TASK ITEM:
Copy the records word for word. Pictures do not go in.

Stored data
━━━━━━

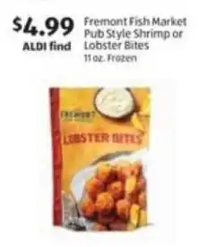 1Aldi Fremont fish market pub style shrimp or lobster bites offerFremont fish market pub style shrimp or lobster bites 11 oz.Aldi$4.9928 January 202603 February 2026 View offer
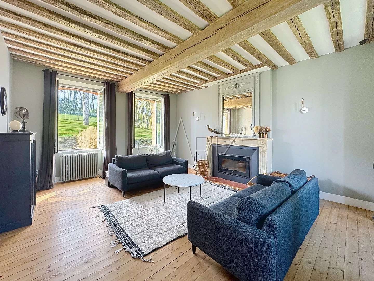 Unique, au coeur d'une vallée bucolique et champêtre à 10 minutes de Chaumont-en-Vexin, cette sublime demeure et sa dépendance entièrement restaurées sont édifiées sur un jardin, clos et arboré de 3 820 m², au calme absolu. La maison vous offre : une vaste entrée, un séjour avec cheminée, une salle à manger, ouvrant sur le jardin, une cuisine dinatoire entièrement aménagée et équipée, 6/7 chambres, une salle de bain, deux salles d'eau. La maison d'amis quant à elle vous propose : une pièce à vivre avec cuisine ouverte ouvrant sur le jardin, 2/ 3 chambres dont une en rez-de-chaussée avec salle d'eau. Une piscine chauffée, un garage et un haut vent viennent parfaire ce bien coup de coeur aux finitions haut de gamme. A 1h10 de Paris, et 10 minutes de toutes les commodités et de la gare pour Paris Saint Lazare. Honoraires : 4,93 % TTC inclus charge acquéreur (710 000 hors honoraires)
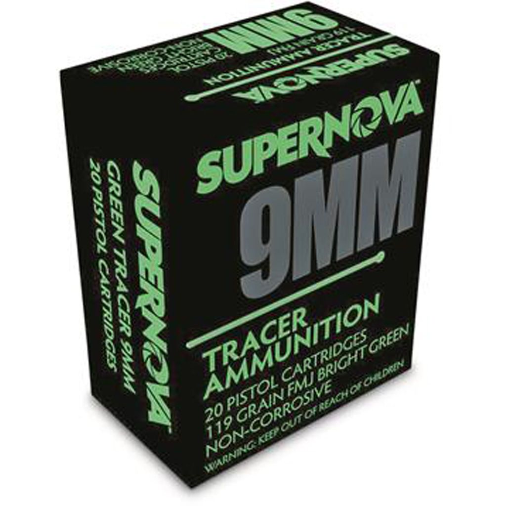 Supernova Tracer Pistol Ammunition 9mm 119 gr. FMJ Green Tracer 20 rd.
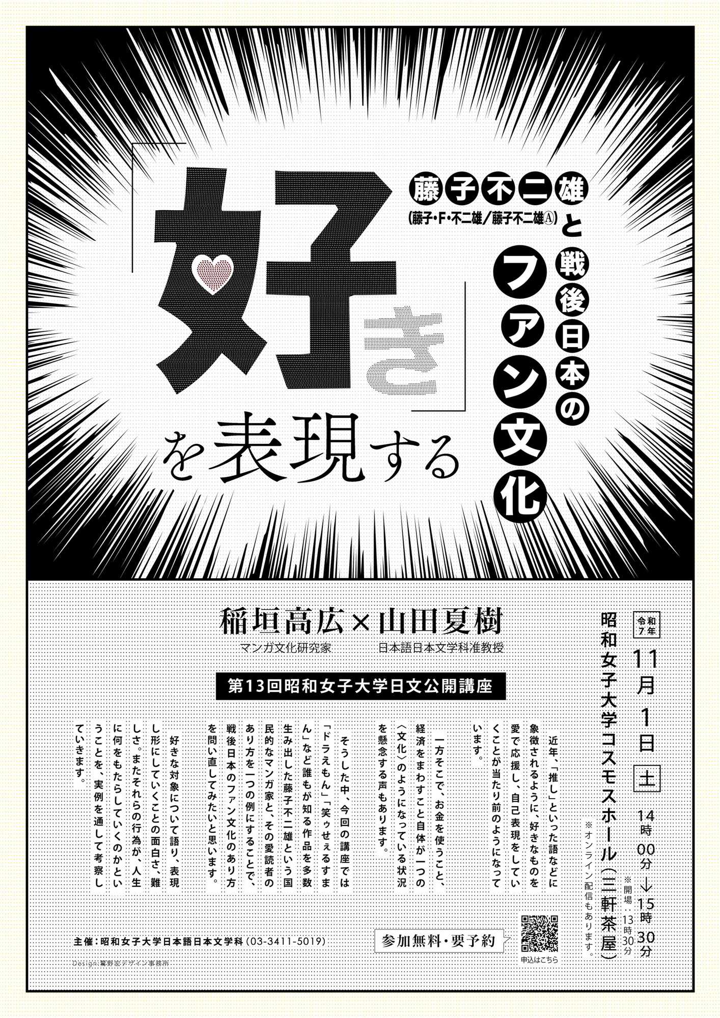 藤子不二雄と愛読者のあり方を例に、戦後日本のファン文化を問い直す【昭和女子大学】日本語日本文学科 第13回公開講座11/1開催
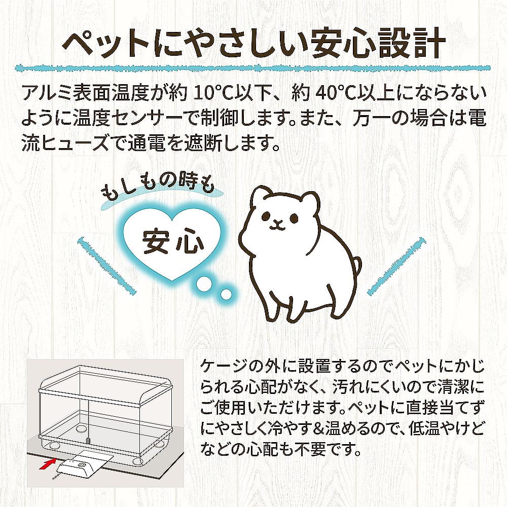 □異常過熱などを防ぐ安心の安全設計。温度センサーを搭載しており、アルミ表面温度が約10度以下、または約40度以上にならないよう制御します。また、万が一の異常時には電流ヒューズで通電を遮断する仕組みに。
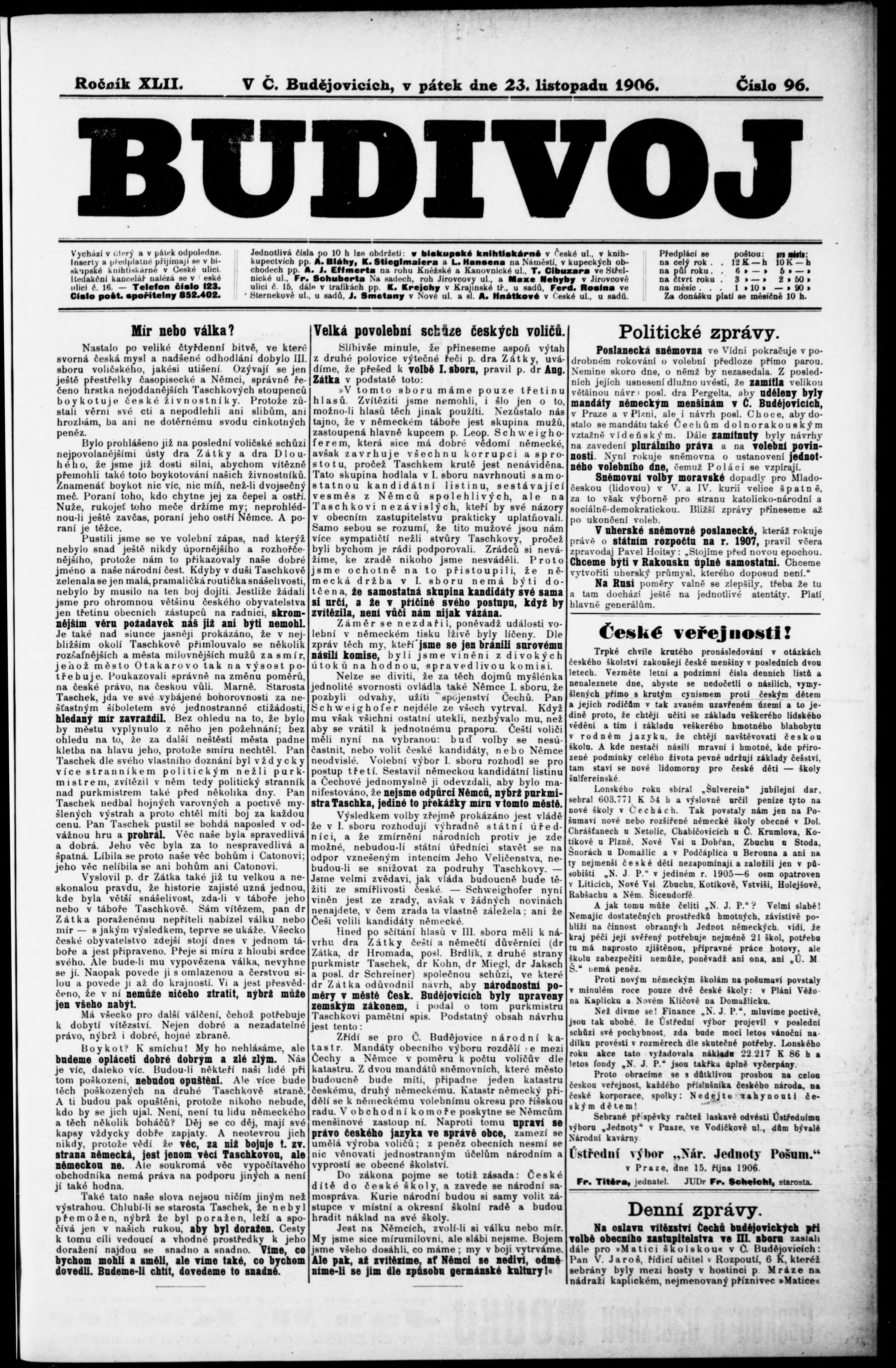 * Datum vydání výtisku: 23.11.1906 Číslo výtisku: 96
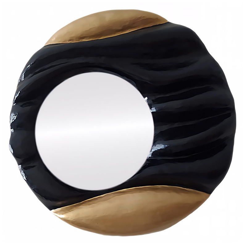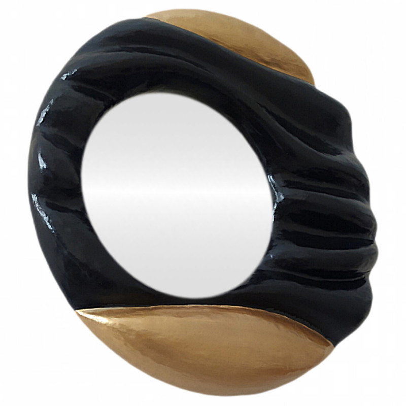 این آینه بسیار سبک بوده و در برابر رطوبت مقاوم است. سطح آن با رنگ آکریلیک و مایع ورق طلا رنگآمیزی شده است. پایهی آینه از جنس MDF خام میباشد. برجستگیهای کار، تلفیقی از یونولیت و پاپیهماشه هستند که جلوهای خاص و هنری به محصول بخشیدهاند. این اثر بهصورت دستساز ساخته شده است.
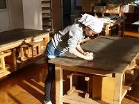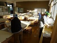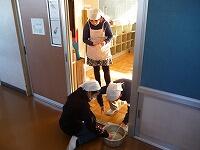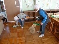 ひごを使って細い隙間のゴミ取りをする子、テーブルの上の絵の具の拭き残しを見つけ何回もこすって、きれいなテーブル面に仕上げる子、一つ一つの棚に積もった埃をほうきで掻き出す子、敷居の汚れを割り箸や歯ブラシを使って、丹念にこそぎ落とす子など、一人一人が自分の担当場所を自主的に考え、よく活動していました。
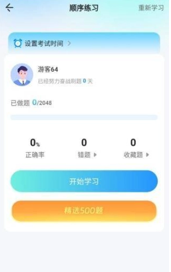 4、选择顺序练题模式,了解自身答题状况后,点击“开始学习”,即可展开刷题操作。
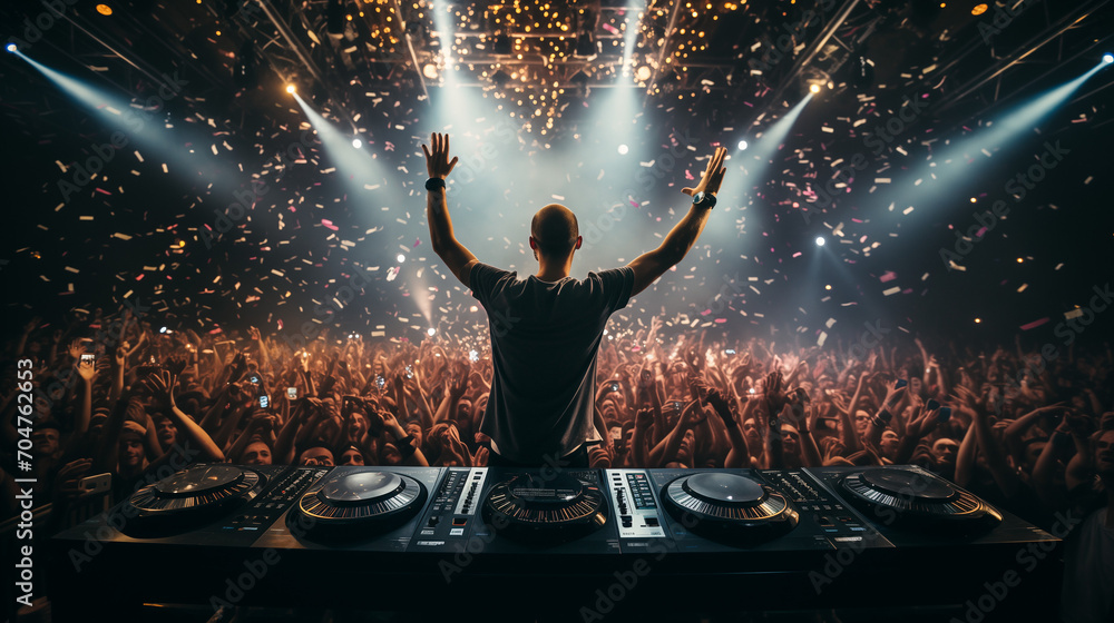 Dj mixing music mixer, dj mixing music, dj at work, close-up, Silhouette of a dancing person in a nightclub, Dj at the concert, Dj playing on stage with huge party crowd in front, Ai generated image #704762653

━━━━━━

ANSWER BOX:
 1Aldi Fremont fish market pub style shrimp or lobster bites offerFremont fish market pub style shrimp or lobster bites 11 oz.Aldi$4.9928 January 202603 February 2026 View offer
 Unique, au coeur d'une vallée bucolique et champêtre à 10 minutes de Chaumont-en-Vexin, cette sublime demeure et sa dépendance entièrement restaurées sont édifiées sur un jardin, clos et arboré de 3 820 m², au calme absolu. La maison vous offre : une vaste entrée, un séjour avec cheminée, une salle à manger, ouvrant sur le jardin, une cuisine dinatoire entièrement aménagée et équipée, 6/7 chambres, une salle de bain, deux salles d'eau. La maison d'amis quant à elle vous propose : une pièce à vivre avec cuisine ouverte ouvrant sur le jardin, 2/ 3 chambres dont une en rez-de-chaussée avec salle d'eau. Une piscine chauffée, un garage et un haut vent viennent parfaire ce bien coup de coeur aux finitions haut de gamme. A 1h10 de Paris, et 10 minutes de toutes les commodités et de la gare pour Paris Saint Lazare. Honoraires : 4,93 % TTC inclus charge acquéreur (710 000 hors honoraires)
 Supernova Tracer Pistol Ammunition 9mm 119 gr. FMJ Green Tracer 20 rd.
 藤子不二雄と愛読者のあり方を例に、戦後日本のファン文化を問い直す【昭和女子大学】日本語日本文学科 第13回公開講座11/1開催
 □異常過熱などを防ぐ安心の安全設計。温度センサーを搭載しており、アルミ表面温度が約10度以下、または約40度以上にならないよう制御します。また、万が一の異常時には電流ヒューズで通電を遮断する仕組みに。
 * Datum vydání výtisku: 23.11.1906 Číslo výtisku: 96
 این آینه بسیار سبک بوده و در برابر رطوبت مقاوم است. سطح آن با رنگ آکریلیک و مایع ورق طلا رنگآمیزی شده است. پایهی آینه از جنس MDF خام میباشد. برجستگیهای کار، تلفیقی از یونولیت و پاپیهماشه هستند که جلوهای خاص و هنری به محصول بخشیدهاند. این اثر بهصورت دستساز ساخته شده است.
 ひごを使って細い隙間のゴミ取りをする子、テーブルの上の絵の具の拭き残しを見つけ何回もこすって、きれいなテーブル面に仕上げる子、一つ一つの棚に積もった埃をほうきで掻き出す子、敷居の汚れを割り箸や歯ブラシを使って、丹念にこそぎ落とす子など、一人一人が自分の担当場所を自主的に考え、よく活動していました。
 4、选择顺序练题模式,了解自身答题状况后,点击“开始学习”,即可展开刷题操作。
 Dj mixing music mixer, dj mixing music, dj at work, close-up, Silhouette of a dancing person in a nightclub, Dj at the concert, Dj playing on stage with huge party crowd in front, Ai generated image #704762653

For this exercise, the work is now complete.